In the instant case, the relevant legislative provisions, and these have been reproduced supra, are made up of words which are clear and unambiguous in their meanings. Their ordinary literal meaning must accordingly be ascribed to them. Resultantly the combined effect of these provisions are:- (1) Foreign judgments are, on application and a court order thereon, registrable in this country. (2) Application for an order for leave to register such judgments can be made either ex parte or on notice. (3) An application on notice for the registration of a foreign judgment can be made, by the necessary implication deducible from S. 3(4), more than once.

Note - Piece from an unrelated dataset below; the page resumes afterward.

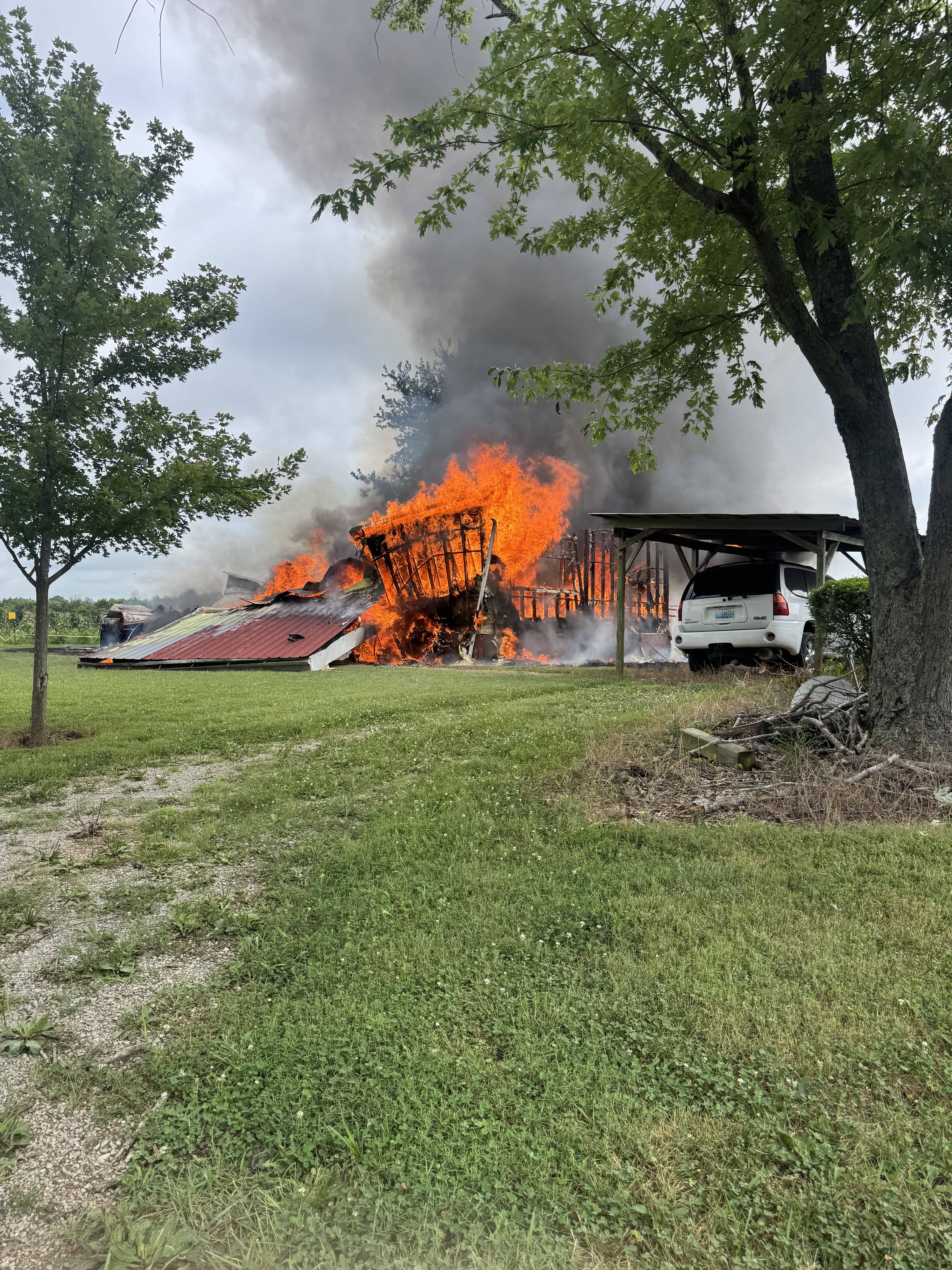 Lyon County and Kuttawa Volunteer Fire Departments responded to the call around 10:15 AM to the blaze in the 400 block of Seldon Mitchell Road.

Judgments that must not be registered pursuant to applications in that behalf and if registered their registrations are liable to being set aside, on application by the judgment debtor include:- (a) Judgment given by a court without jurisdiction. (b) Judgment against a judgment/debtor who did not carryon business or resided within the jurisdiction of or voluntarily appeared or submitted or agreed to submit to the jurisdiction of the court that gave the judgment. (c) Judgment against a defendant who although ordinarily resident or was carrying on business or agreed to submit to the jurisdiction of the court that gave the judgment was not duly served with the processes of the court and did not attend trial. (d) Judgment that was fraudulently obtained. (e) An appeal subsist against the judgment or that being entitled to, the judgment/ debtor intends to appeal. (f) If the cause of action on the basis of which the judgment was given could not have been heard by the registering court for reasons of public policy or such other related reasons. (g) it is neither just nor convenient that the judgment be enforced in Nigeria and; (h) for any other sufficient reasons. The discretion of the Judge are frighteningly wide indeed.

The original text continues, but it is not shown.